Sunday, February 15, 2009

On The Nature Of Feedback....

Such a philosophical sounding title, perhaps reflective of my current philosophical mood.

I've been thinking today about the whole exercise of giving a manuscript to friends in the hope of getting helpful feedback. Probably this has been sparked by the second-last reader returning the manuscript this afternoon. I suspected this person didn't have particularly good things to say when her first words to me were "here is your book and some comments, I hope you won't hold it against me". Sure enough it was fairly negative - well, very negative actually, although there were a few 'nice' comments thrown in, just to encourage me ('don't give up', and 'this is a good start' are two that stick in my mind).
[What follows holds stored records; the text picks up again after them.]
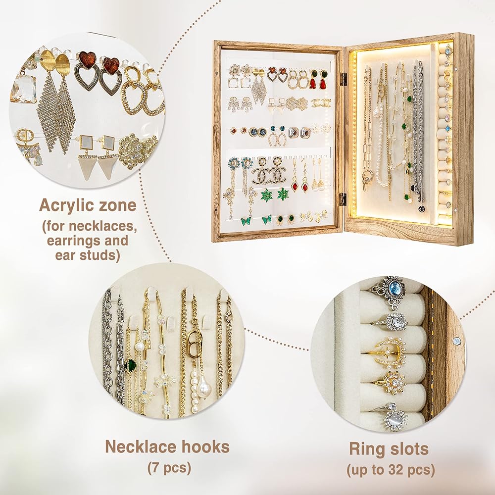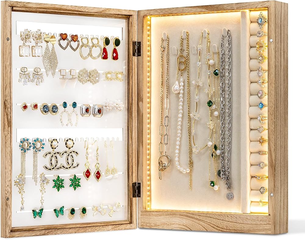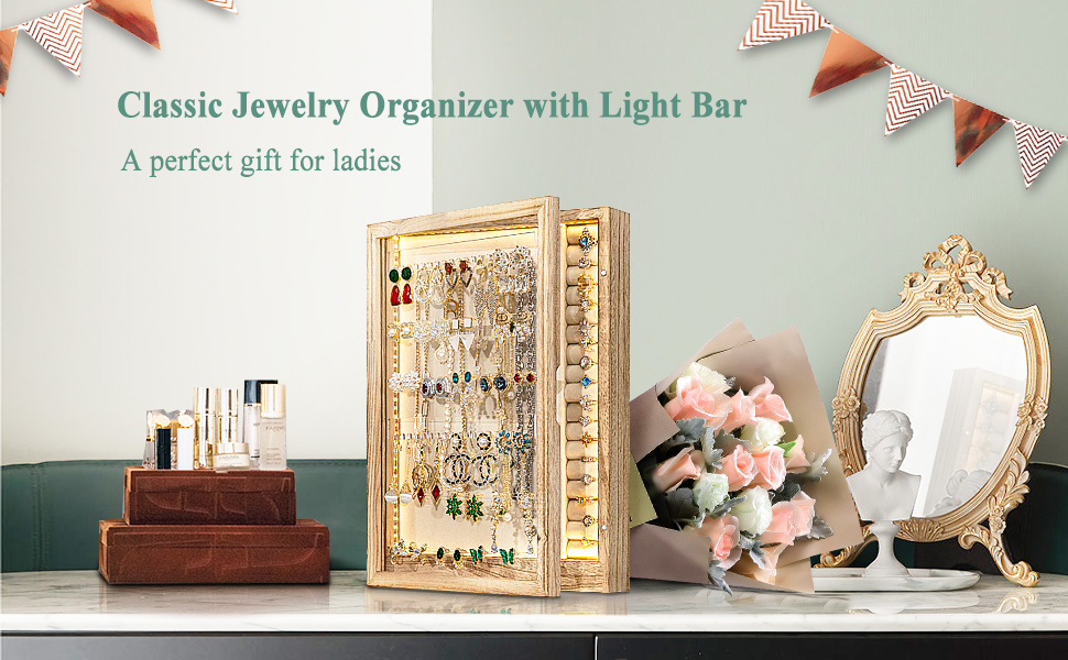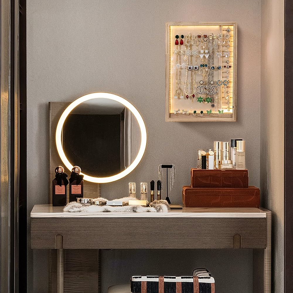 منظم مجوهرات كلاسيكي مع شريط إضاءة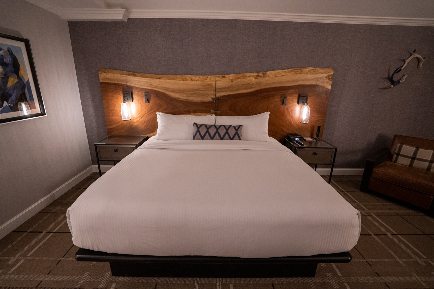 Upon entering, you’ll be greeted by the king bed as the centrepiece, complete with a large live-wood headboard.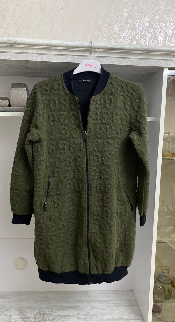 Uzun kesim, nakışlı desenli örgü kadın mont. Bol kesim, uzun kollu ve bisiklet yaka ile günlük rahat kullanım için uygundur.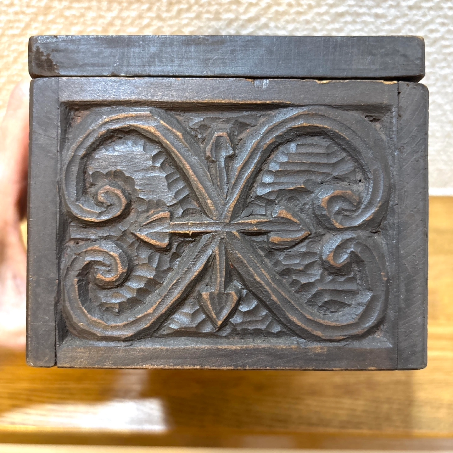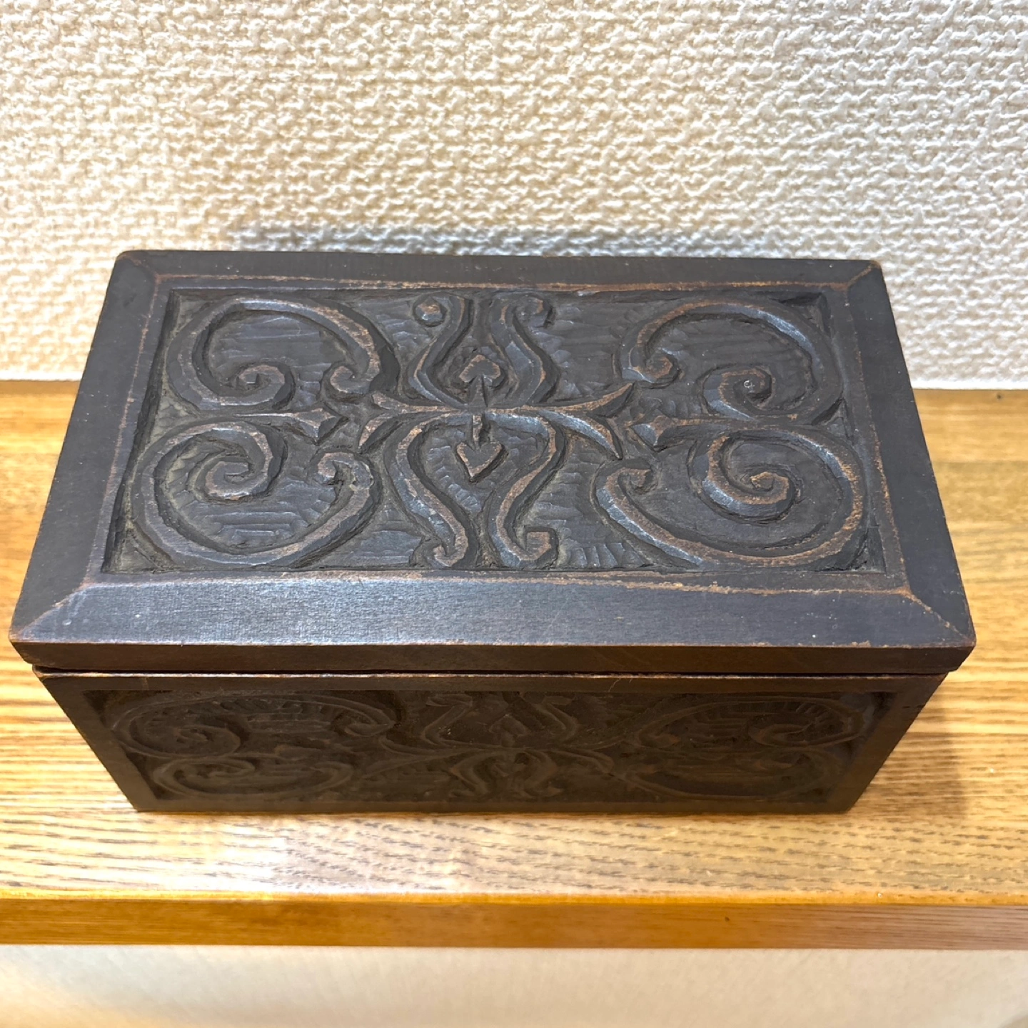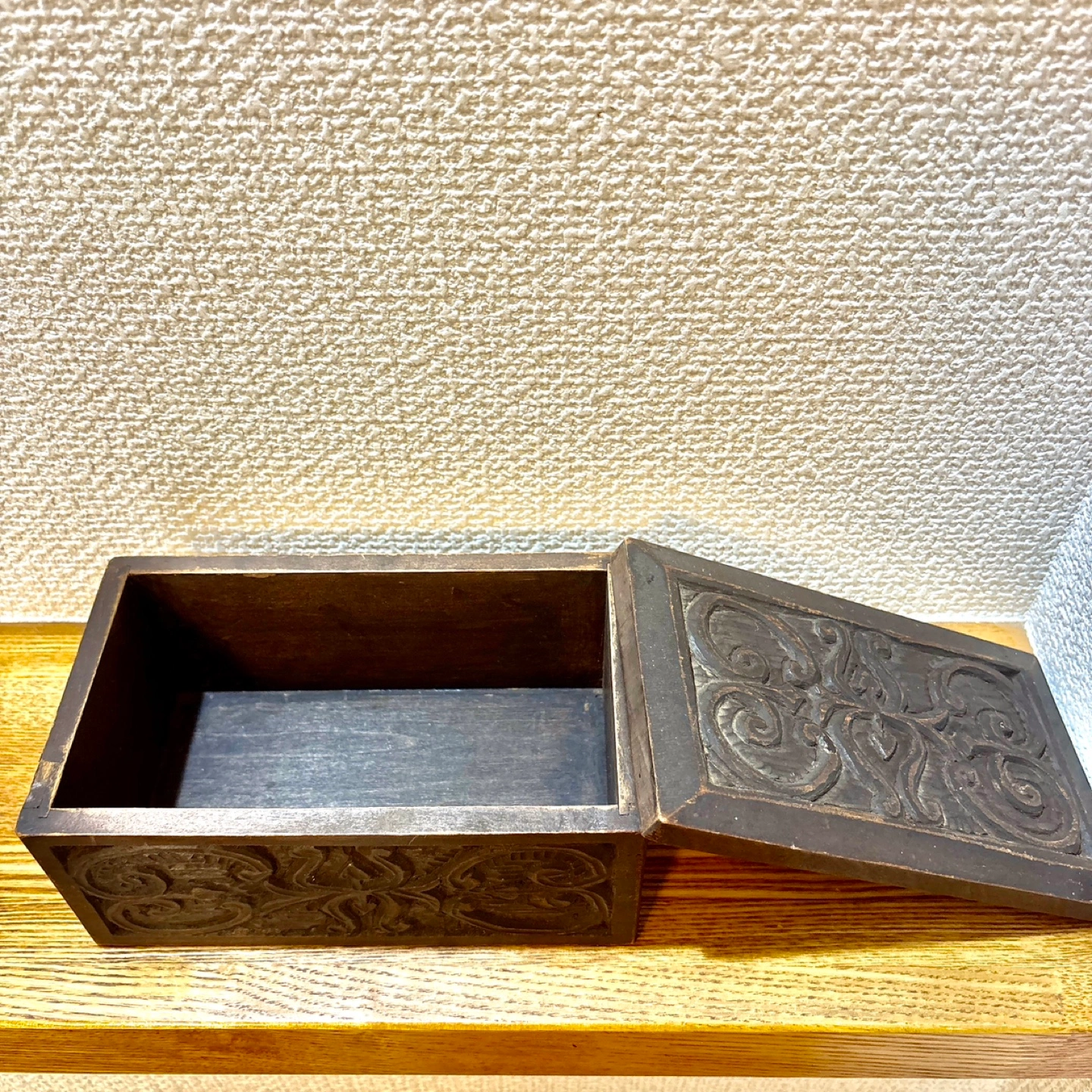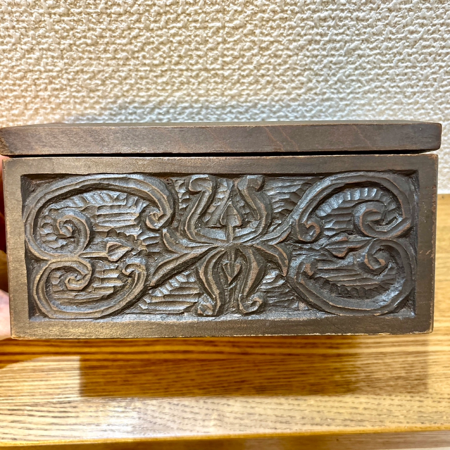 ご覧頂きましてありがとうございます! 自宅保管の長いハンドメイドの木彫木箱です。 塗装が少しはげている箇所が見られます。 ハンドメイドですので、完璧なものをお求め方向きではありません。 このような類をあじがあると思って頂ける方がいらっしゃいましたらよろしくお願い致します。 ●サイズ(蓋をつけた状態で) ✴︎高さ 約8.2㎝ ✴︎縦 約10㎝ ✴︎横 約17㎝ ✴︎重さ 約270g キャンセル、返品、商品お受け取り後のクレームなどはお受け出来ませんので、ご了承頂けるようお願い致します。 種別···インテリア 種別···生活雑貨 #昭和レトロ #木彫り #彫刻 #木箱 #小物入れ #木製 #手作り #ハンドメイド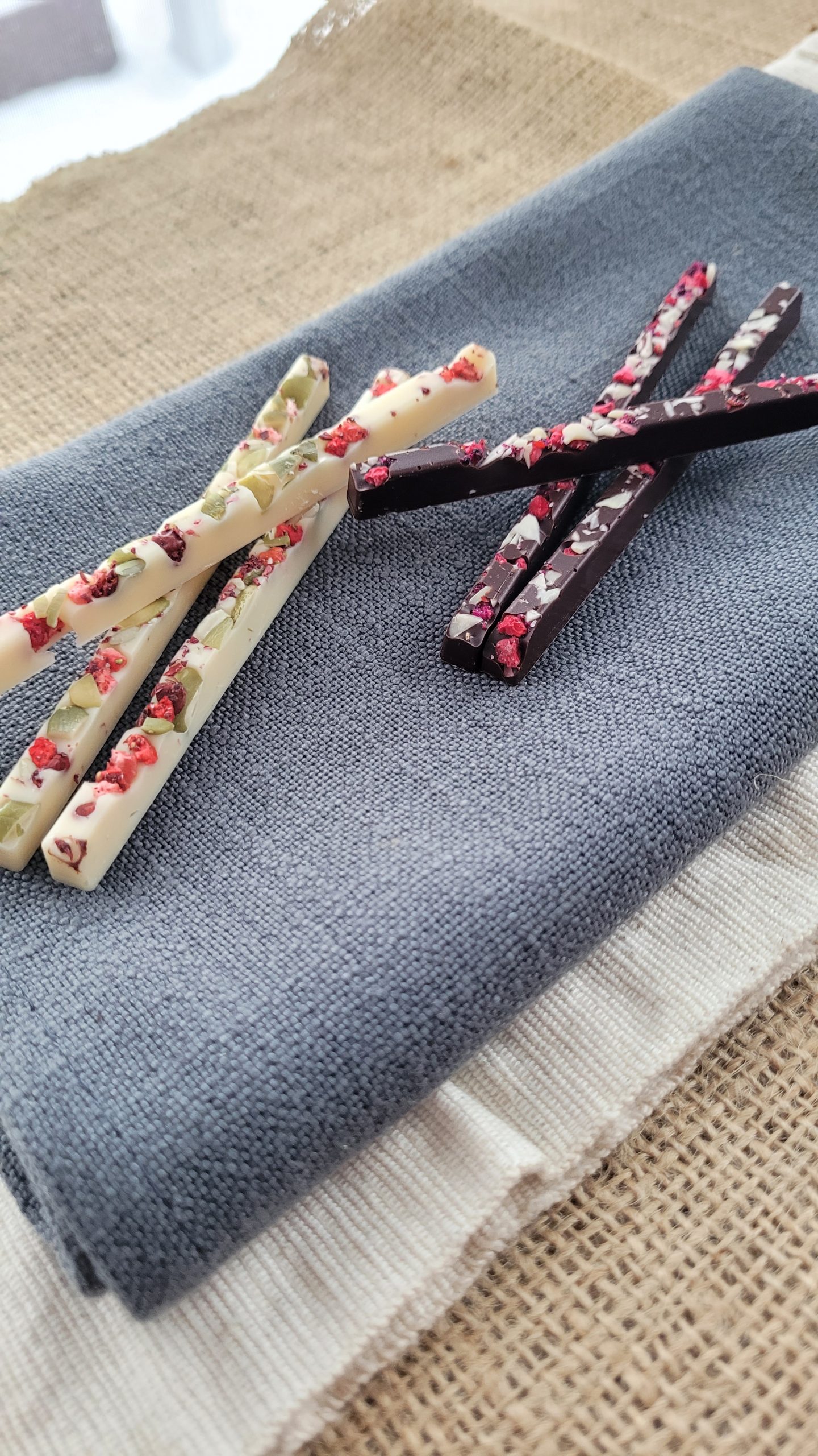 – 3 dark chocolate / pink peppercorn / raspberry chocolates, 3 white chocolate / sumac / strawberry chocolates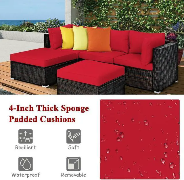 Free Combination: This 5-piece patio furniture comes with 2 corner sofas, 1 armless sofa and 2 ottomans. Each piece of this sofa set can be used separately and easily combined into different configurations according to your preference and needs. The ottoman can be changed to a side table when you remove the cushion.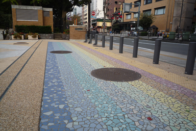 昼間はただのタイル。奥には中華街の北門が見える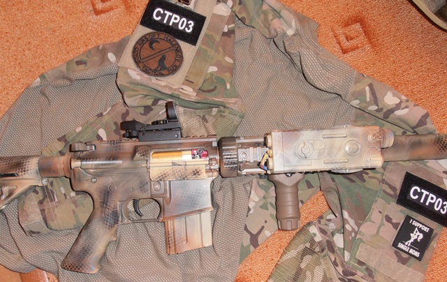 Další moje kuličkovka je M16A3 R.A.S. od ICS přestavěná na SPR. Důvodem k přestavbě bylo, že jsem chtěl SPRko, ale po předchozí kladné zkušenosti s M4A1 od ICS a jejím děleným mechaboxem jsem už nechtěl zbraň řady M16/M4 od jiné značky. ICS však přímo SPR nedělá a já měl doma už delší dobu AEG vnější hlaveň z SPR od G&P, tak jsem se rozhodl jako základ koupit M16A3 R.A.S. a přestavět ji na SPR. Ve zbrani je nerez 6,03 vnitřní hlaveň, kovová hop-up komora ICS, ocelový trn a lepší vzduchotechnika s pružinou M130, se kterou má výkon 145 m/s s 0,20 g kuličkou. http://airsoftshop.cz/product_info.php/products_id/8912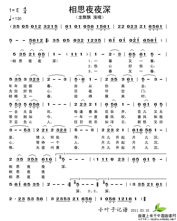 关于《相思夜夜深》曲谱的评论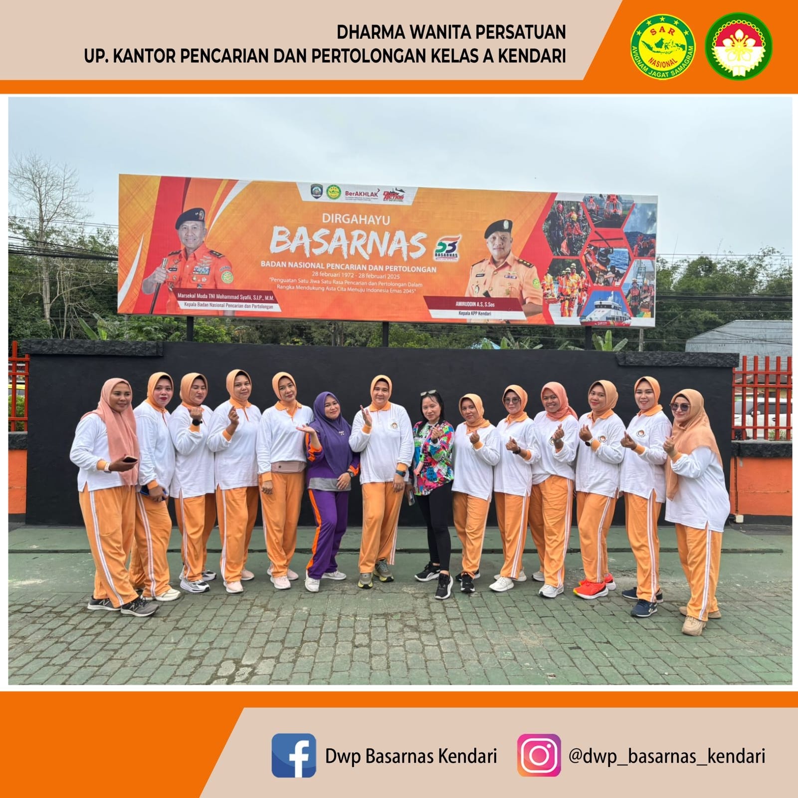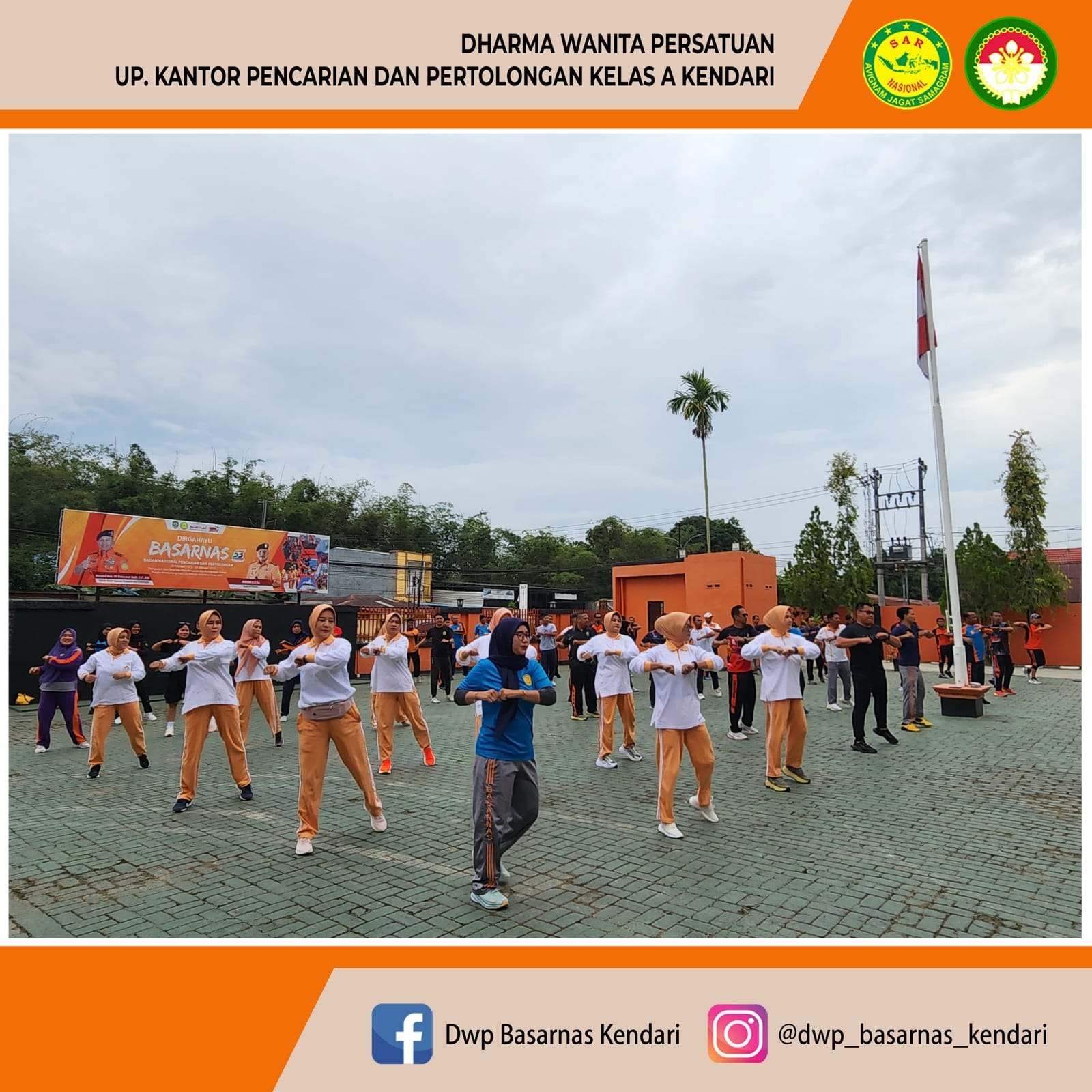 Jumat, 09 Mei Ketua DWP UP Kantor Pencarian Dan Pertolongan Kendari Ny.Yenny Sutisna Amiruddin beserta Anggota, turut serta dalam Mengikuti Olahraga Pagi Senam Bersama yang di Laksanakan di Halaman Kantor Basarnas Kendari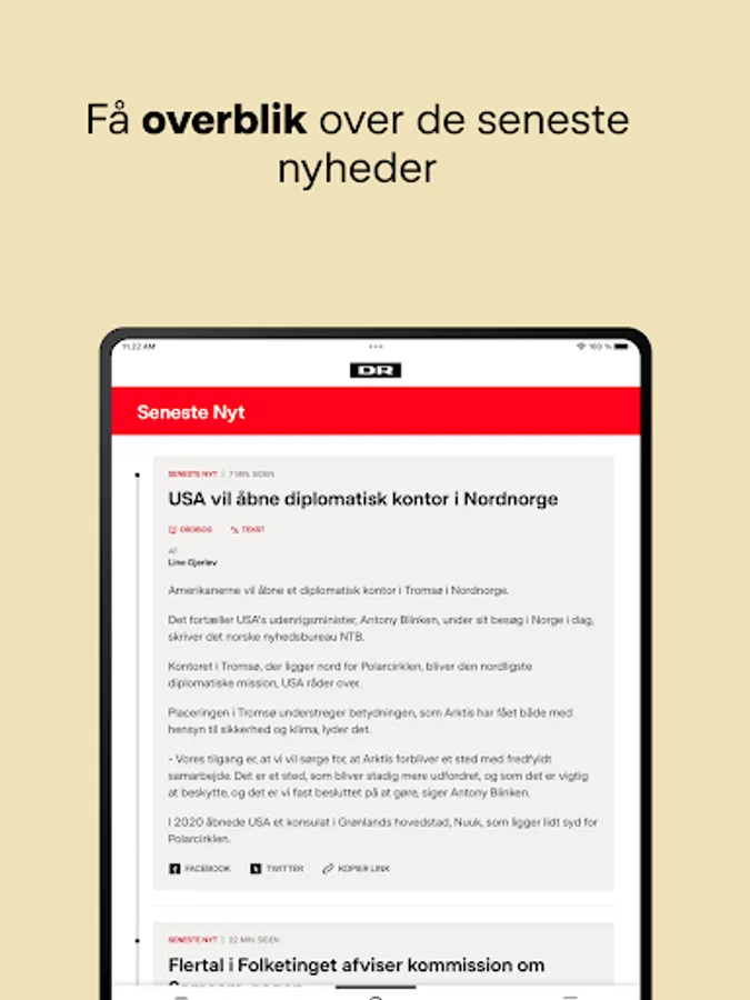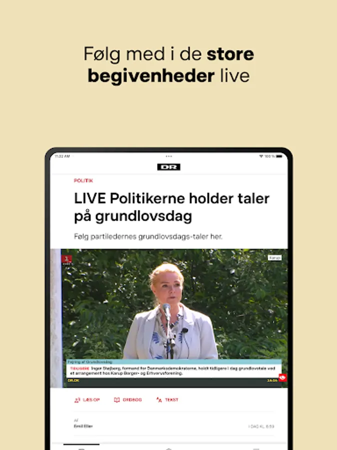 In addition, in the menu you can sort the news from the sections Home, Abroad, Politics, Money, Sports, Knowledge, Culture, Music, My Life, Weather, Straightforward and regional news. You can of course download DR News for free like DR's other digital offers.

Yes, I feel fairly down about it, coming on top of several other negative reviews. But what I'm pondering is this: should I feel down about it? does this sort of feedback really mean the book is bad, or just that it is a good book that can be a whole lot better? And does that sentence I just typed even make sense? (It's late by the way, I probably shouldn't even be attempting to make sense at this hour...)

What I'm trying to say is this. I read somebody's webpage a while ago, where they were talking about the whole process they go through in writing a book. They weren't a published author, but obviously were trying to be. They wrote how they had given a final draft to a friend, and had the friend turn up on their doorstep the next day, all hot-and-bothered, gasping 'you need to publish this .... now'. But the confusing thing was that from what I could see, they never did get published. I can only assume that when they sent it through to the proper channels it was rejected, despite the glowing comment from their friend.

So maybe it's not such a good thing to have gushing feedback. Perhaps it can instill a false sense of confidence in an author, and make them rush to forward in a manuscript that perhaps in actuality is not ready. Certainly none of the friends who read mine gave me any delusions of grandeur, quite the opposite. Perhaps these sorts of kicks are the best thing to force a writer back to the drawing board, to push them that step further towards a better piece of work. Perhaps those who get such negative comments are the ones who eventually get published.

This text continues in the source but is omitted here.